We didn’t realize it, but back in April, CMS made Medicare Part D prescription drug data available. The raw data is viewable on the CMS website here. This might be useful for estimating costs for oral medications, or at least getting a ballpark idea of cost to use as a placeholder in other analyses or economic models. Therefore, we took a closer look at the data.
The CMS file has prescribing information by physician; hence, it is over 2.5 gigabytes in size. Since we are not interested in this level of granularity for drug costing, we can reduce the size dramatically and focus on the unique drugs and their costs. Below is some R code to turn the large dataset into a small, usable dataset of drugs. We use the data.table package to read in the data, and combine across physicians quickly.
There are a few issues in using this data. First, the information is provided in terms of cost per day. So, drugs that are dosed more than once per day will require caution in estimating cost per dose (e.g., a twice-a-day drug that costs $2.00 per day will cost $1.00 per dose). Second, not all drugs are included – only those drugs that are not covered by Part B (generally physician administered drugs). However, Part B reimbursement information has been available for years in Medicare’s ASP data. Third, this is not a 100% of all Part D claims. The details of the methodology are given here. The costs in this file are the reimbursed amounts by Medicare.

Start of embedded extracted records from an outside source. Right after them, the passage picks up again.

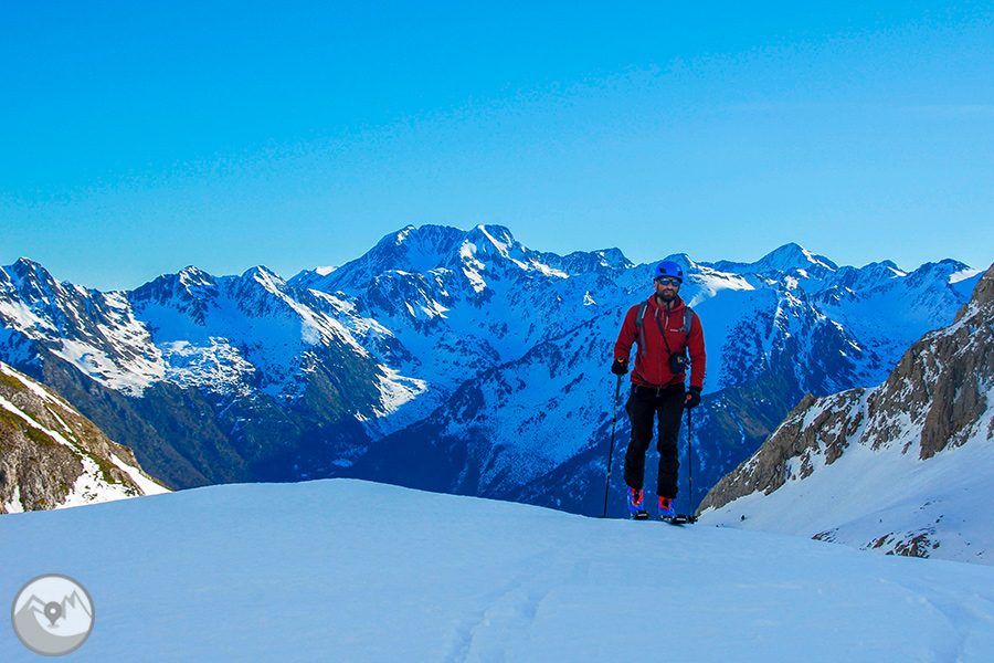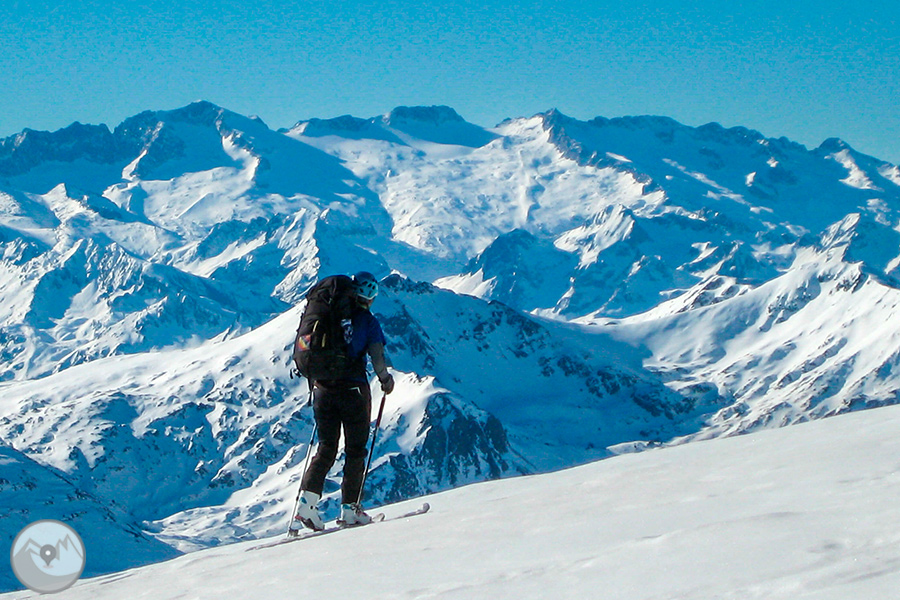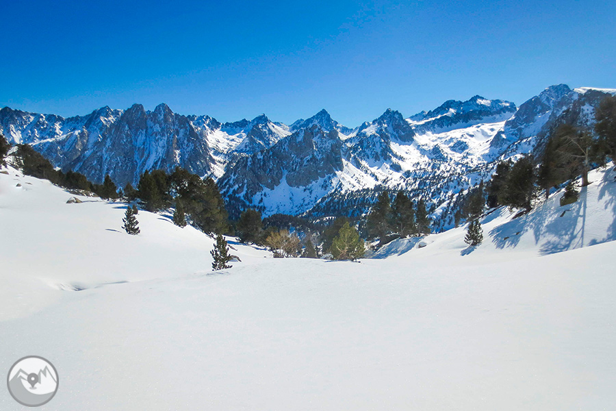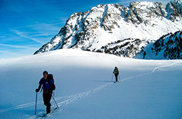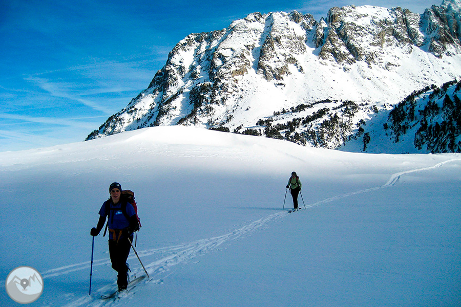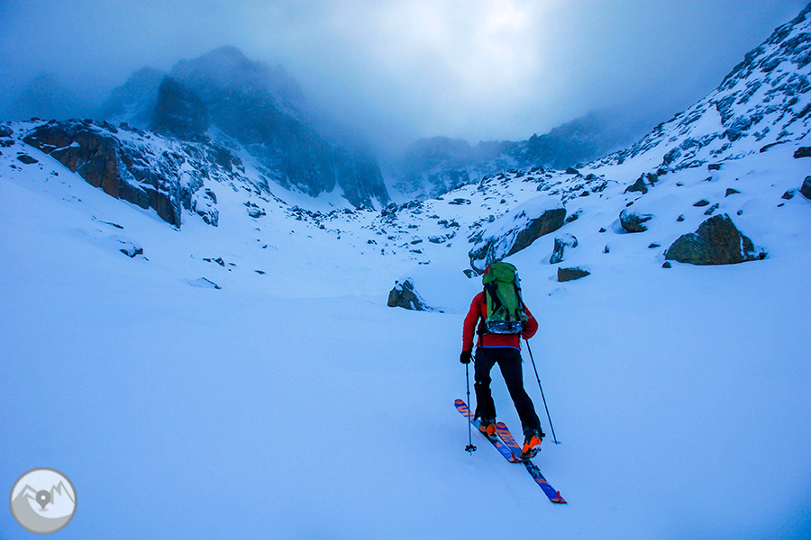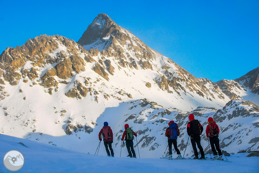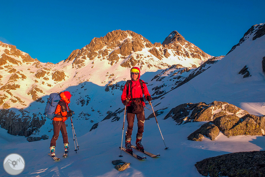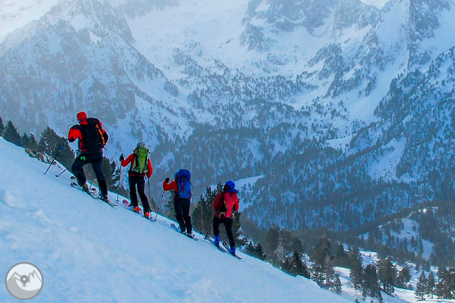 Durante cuatro días de alta intensidad física, con la Carros de Foc invernal travesaremos los diversos sectores del Parque Nacional de Aigüestortes y Estany de Sant Maurici ascendiendo collados siempre exigentes -Amitges, Sendrosa, Caldes, Contraix...- preludio de descensos técnicos y muy divertidos que pedirán toda nuestra atención y agilidad. Si las condiciones meteorológicas y de la nieve nos lo permiten, también tendremos la oportunidad de coronar cimas de gran belleza como el pico de Amitges (2.848m), el Tuc de Monges (2.698m), el Montardo (2.833m), el pico del Portarró (2.734m)...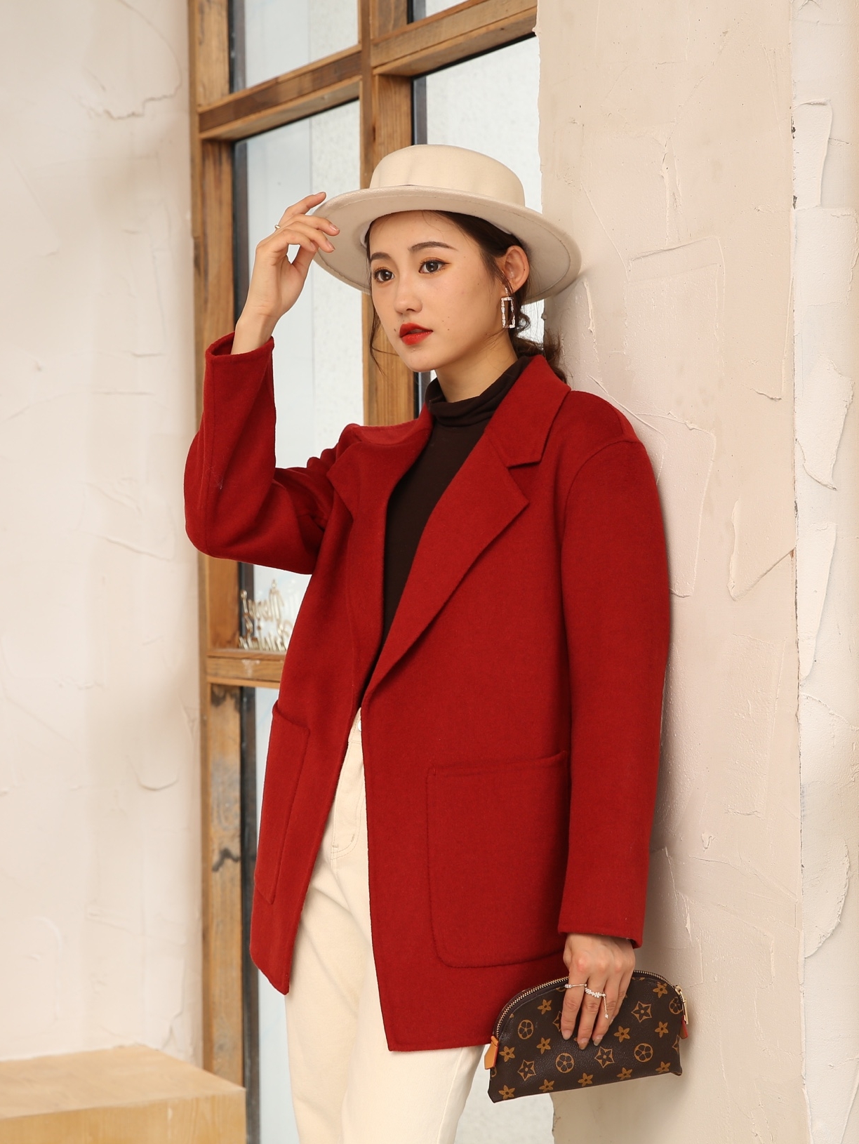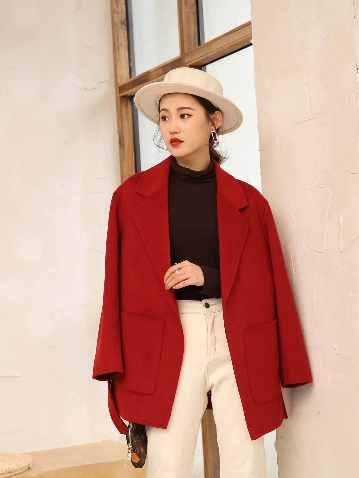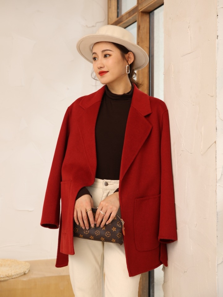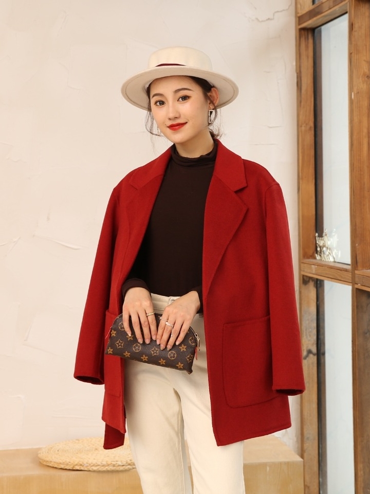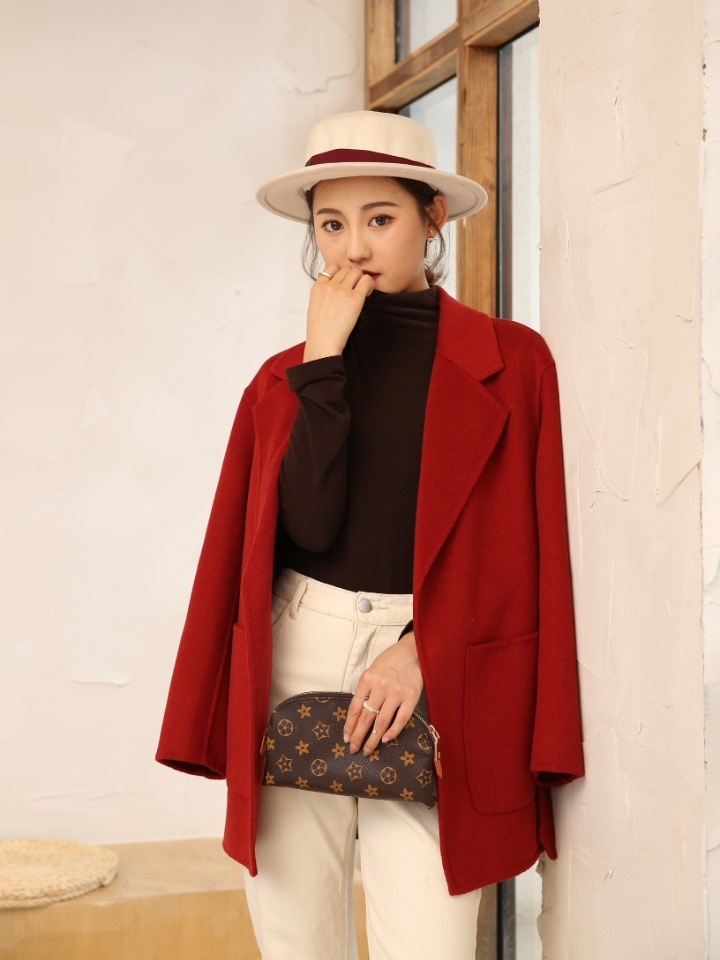 整件大衣两面都是采用精品澳毛面料,所以摸上去的时候手感是超级柔软细腻的,而且衣服的质感也是超级棒的,全部采用纯手工设计,大牌感十足,西装领的设计又更显简单大气!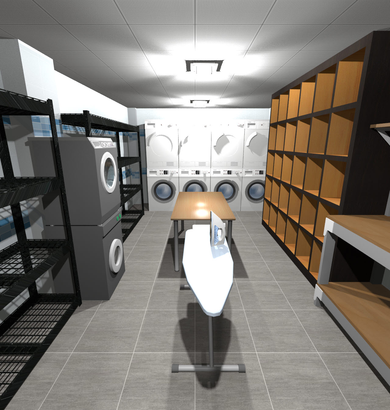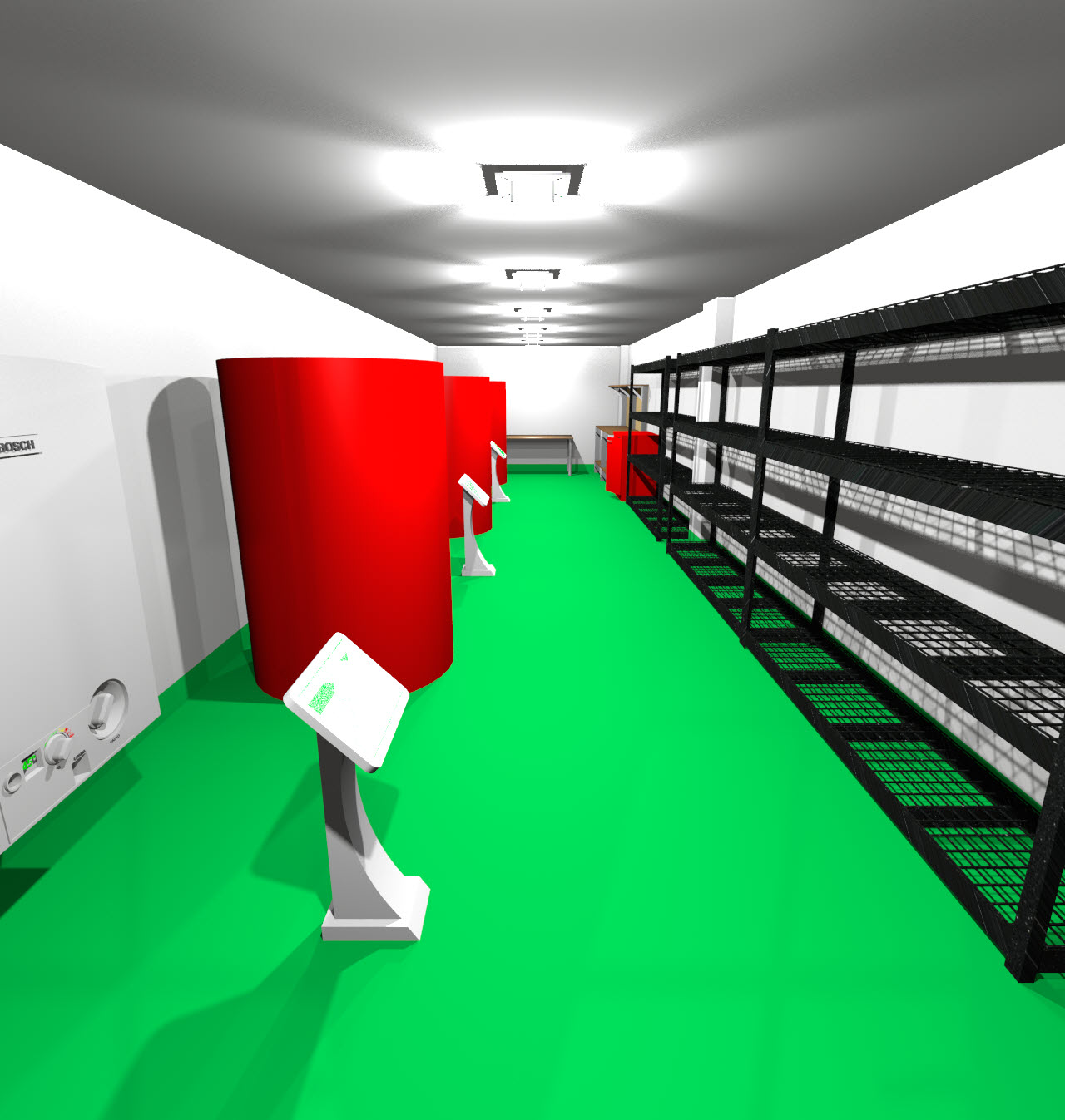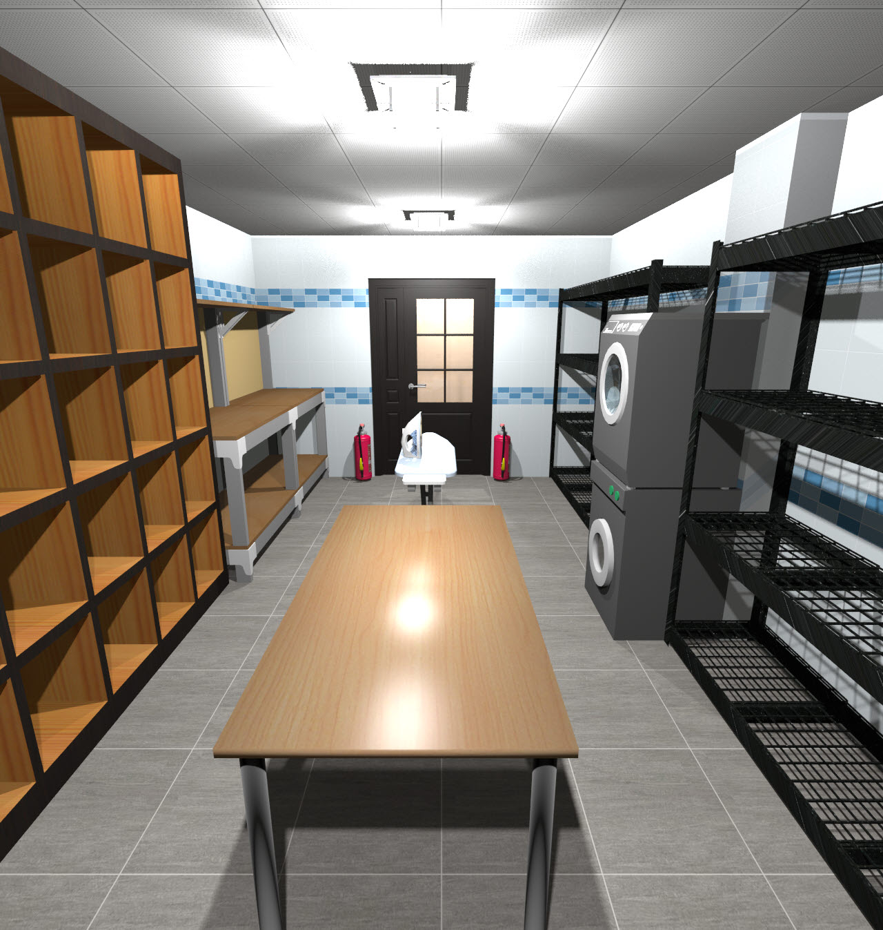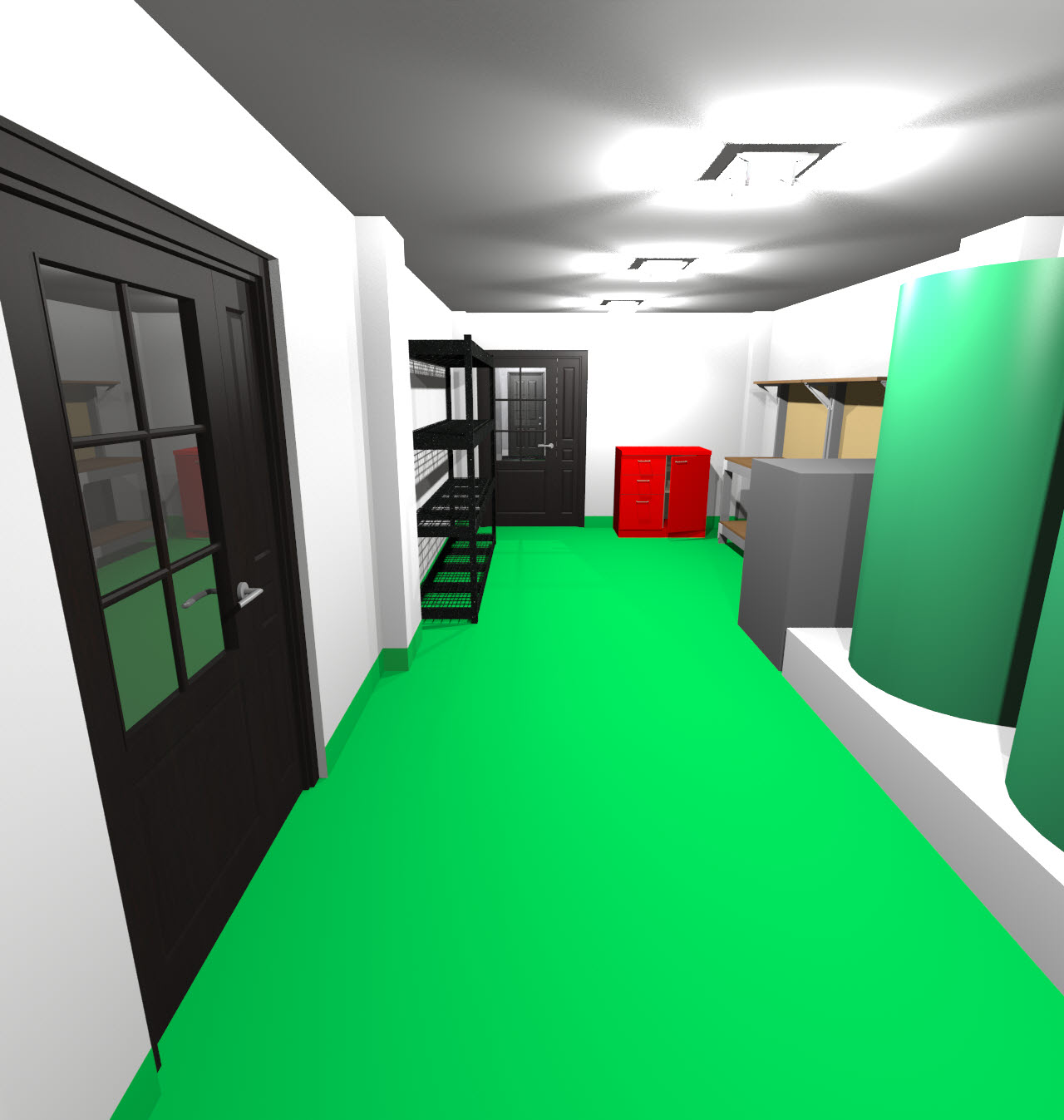 지하 2층 평면도→3D상단뷰→상단뷰 렌더링 순입니다. 이 구조에서 간이 화장실이 살짝 추가되었습니다. 지하 2층은 생활공간은 아니지만, 사람들이 자주 들락거릴 공간이 3곳 정도 있어서 화장실 하나 정도는 있어야 하지 않나라는 생각이 들더군요.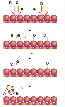 Figure 26.20 Schematic diagram of the stages involved in the hydrogenation of ethene by deuterium on a metal surface.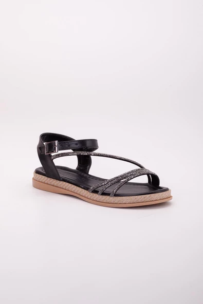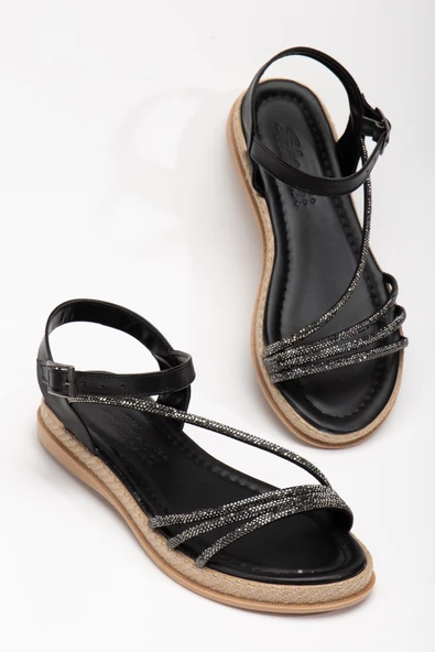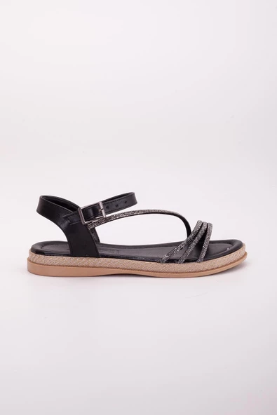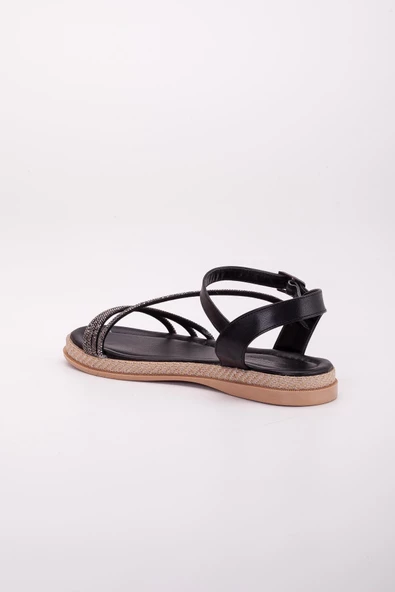 Jüt Sargılı İnce Taban Taş Bantlı Siyah Kadın Düz Topuklu Sandalet

The code below is also available on GitHub here. The download itself can take a few minutes since it is a 500 megabyte file (1.5 minutes on my computer with high-speed internet access). Make sure you save the resulting data.table (part_d) so you don’t have to repeat this every time.
library(data.table)
library(magrittr)
pde <- "http://download.cms.gov/Research-Statistics-Data-and-Systems/
Statistics-Trends-and-Reports/Medicare-Provider-Charge-Data/Downloads/
PartD_Prescriber_PUF_NPI_DRUG_13.zip"
tf <- tempfile() download.file(pde, tf)
x <- unzip(tf, exdir = tempdir())
z <- fread(x
[2], verbose = TRUE)
unlink(x) # removes the tempfiles
rm(x)
setkey(z, "GENERIC_NAME")
partd <-
z[, .(
claims = sum(TOTAL_CLAIM_COUNT, na.rm = TRUE),
days_supp = sum(TOTAL_DAY_SUPPLY, na.rm = TRUE),
tot_cost = sum(TOTAL_DRUG_COST, na.rm = TRUE)
),
by = .(drug = GENERIC_NAME)] %>%
.[, drug := tolower(drug)] %>%
.[, cost_per_day := round(tot_cost / days_supp, 2)]
The resulting file has 1,574 drugs listed with 5 columns. This version is MUCH easier to read. Here are the first five and last five rows. Claims are the total number of claims across all physicians, and days_supp is the total number of days supplied across all physicians. Costs are in 2013 US dollars. Tot_cost is the sum across all physicians and cost_per_day is just the average cost per day (days_supp / tot_cost).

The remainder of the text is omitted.